О трудах А. Л., о его личности как ученого, так и человека, есть, конечно, тоже достаточно материала, но мои воспоминания о нем будут касаться только его частной жизни (в период 1906–1909 гг.) в Варшаве, где он был профессором государственного права при Варшавском университете.
Если эти немногие штрихи могут служить как бы дополнением к общей сложной обрисовке личности А. Л., мне было бы чрезвычайно приятно. Приятно потому, что общее (одностороннее) мнение об А. Л. создалось как о человеке жестоком, как о деспоте, которому были чужды добрые движения души и все человеческие переживания.
Я не буду вдаваться в подробности его семейной жизни, которые мне мало известны, так как он никогда о них не говорил — а слухам не всегда можно доверять, — но расскажу о нем, каким я его помню в мои молодые годы, и помню простым, незлобивым, часто — кротким, и всегда — неизменно — интересным собеседником.

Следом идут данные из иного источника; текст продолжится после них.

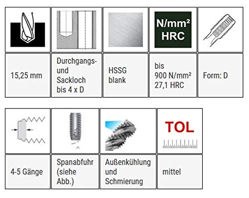 Utilizzo versatile: materiali ben frantumati fino a 900 N/mm², acciaio non legato e a bassa legatura, per foro di passaggio e cieco - per uso manuale e macchina.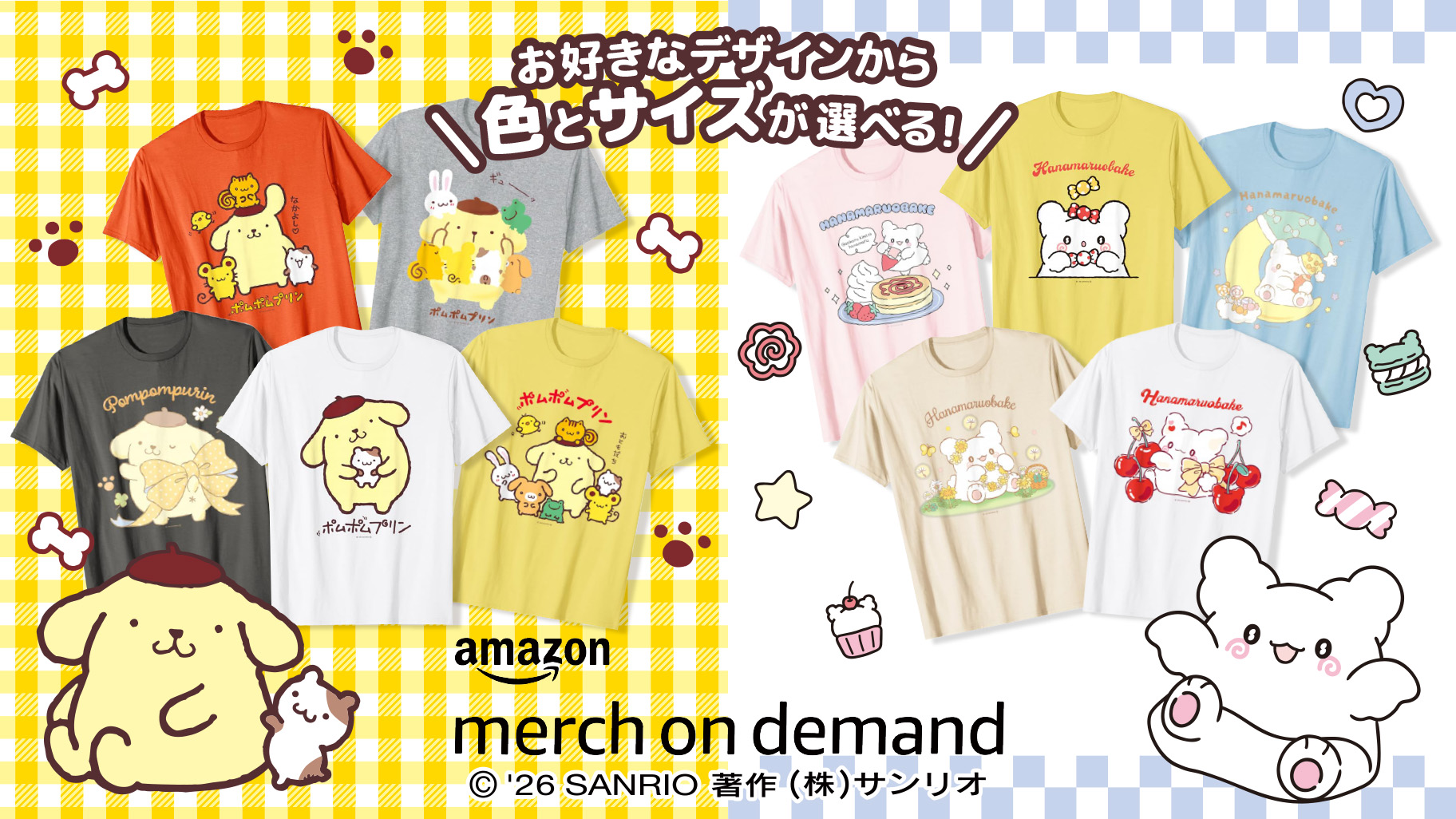 「Amazon Merch on Demand」にポムポムプリンとはなまるおばけの新作アパレルが登場!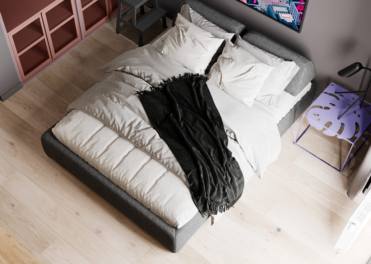 一張Monstera 圖案的邊桌在灰色軟墊床旁邊增添了一抹紫色。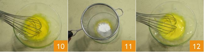 and quickly mix with a whisk 10. Sift the starch directly into the bowl 11 and mix again to combine the ingredients 12.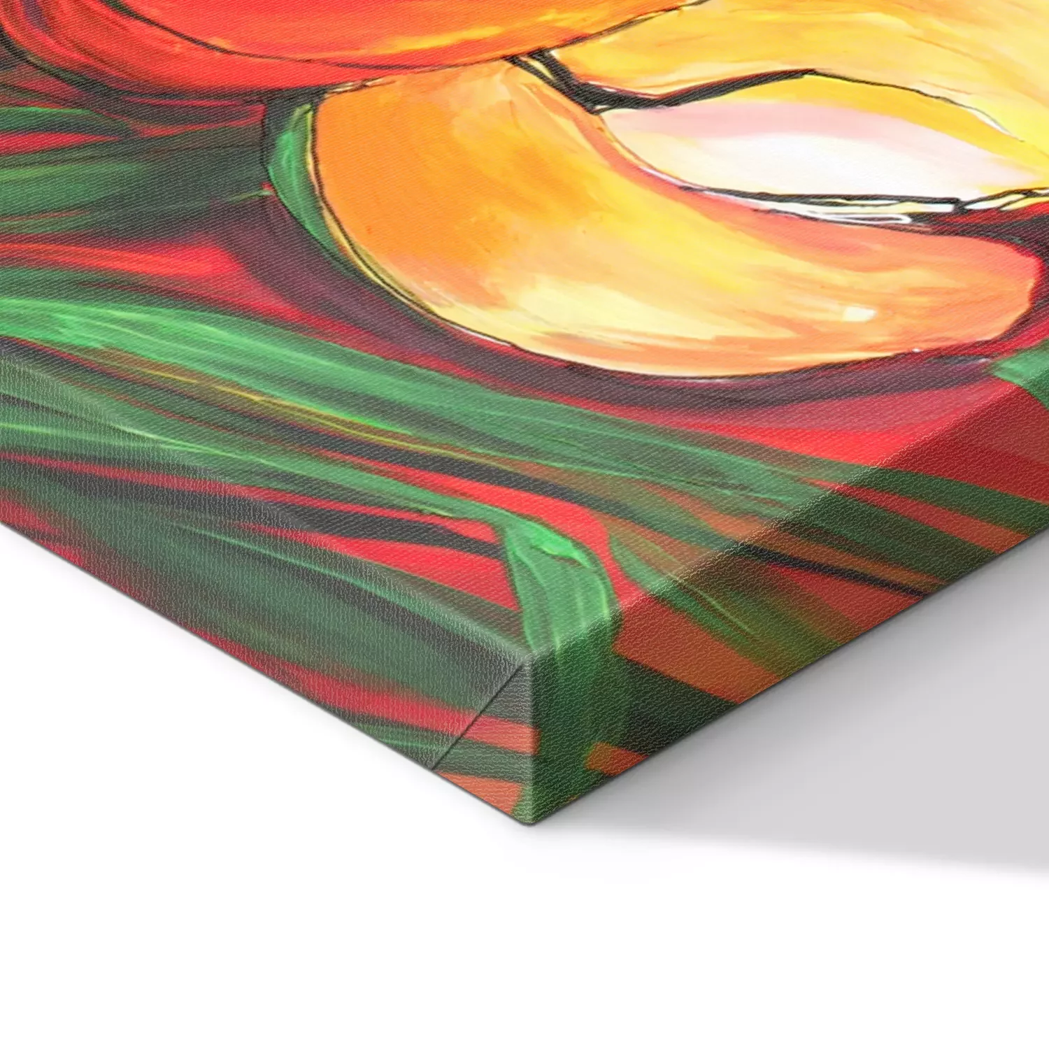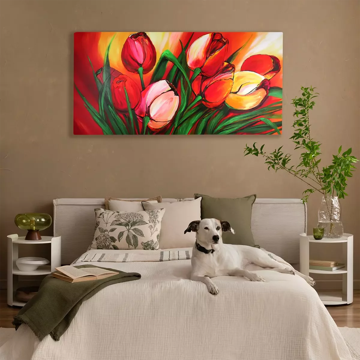 Abstrakte rote und gelbe tulpen mit grünen blättern

Правда, характер у него был нелегкий, с большими странностями, которые нередко бывают у людей, отдающих большую часть времени науке и труду, или у одиноких людей, не привыкших к заботам других о себе. Но кто знал его близко, прощал ему эти странности.

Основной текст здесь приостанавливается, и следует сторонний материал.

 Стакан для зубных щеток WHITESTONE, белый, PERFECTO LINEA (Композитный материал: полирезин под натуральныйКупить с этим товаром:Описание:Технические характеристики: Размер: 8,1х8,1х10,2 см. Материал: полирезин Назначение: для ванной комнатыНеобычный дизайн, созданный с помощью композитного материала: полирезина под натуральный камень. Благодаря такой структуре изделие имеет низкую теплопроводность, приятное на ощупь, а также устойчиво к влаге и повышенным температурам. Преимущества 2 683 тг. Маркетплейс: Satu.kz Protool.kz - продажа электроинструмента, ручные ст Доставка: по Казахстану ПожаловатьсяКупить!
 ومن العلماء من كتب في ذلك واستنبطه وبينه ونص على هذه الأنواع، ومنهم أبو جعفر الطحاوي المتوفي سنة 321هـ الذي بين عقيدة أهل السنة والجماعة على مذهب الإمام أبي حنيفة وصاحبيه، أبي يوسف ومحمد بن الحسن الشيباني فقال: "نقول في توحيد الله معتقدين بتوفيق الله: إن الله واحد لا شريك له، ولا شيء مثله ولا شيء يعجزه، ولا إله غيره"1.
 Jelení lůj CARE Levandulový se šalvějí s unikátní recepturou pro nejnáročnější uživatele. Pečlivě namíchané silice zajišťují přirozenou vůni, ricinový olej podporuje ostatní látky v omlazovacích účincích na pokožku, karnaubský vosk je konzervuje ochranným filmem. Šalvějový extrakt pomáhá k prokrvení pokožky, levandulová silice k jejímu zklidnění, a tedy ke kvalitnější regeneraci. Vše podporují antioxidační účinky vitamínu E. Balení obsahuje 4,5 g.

Александр Львович был другом моего отца и часто бывал у нас. Характеры их были очень контрастны. Мой отец был человек общительный, тоже глубоко образованный (юрист), чуткий и бесконечно добрый, но связала их общая любовь к науке, литературе и музыке.
Первым знакомством Отца с Александром Львовичем был юридический диспут в существовавшем тогда юридическом обществе при университете. Александр Львович относился с исключительно трогательным вниманием и уважением к моему отцу.
Судьба забросила нашу семью в Варшаву, где мой отец служил по Министерству юстиции. В нашем доме собиралось большое и интересное общество — люди, жизнь которых красит жизнь других людей. В стенах нашей скромной квартиры бывали люди науки и искусства.
По вторникам у нас происходили исключительно научные собрания: беседы и чтение, и, конечно, всегда присутствовал А. Л. Он приходил раньше всех и уходил всегда последним. Хотя и бывал часто очень утомлен.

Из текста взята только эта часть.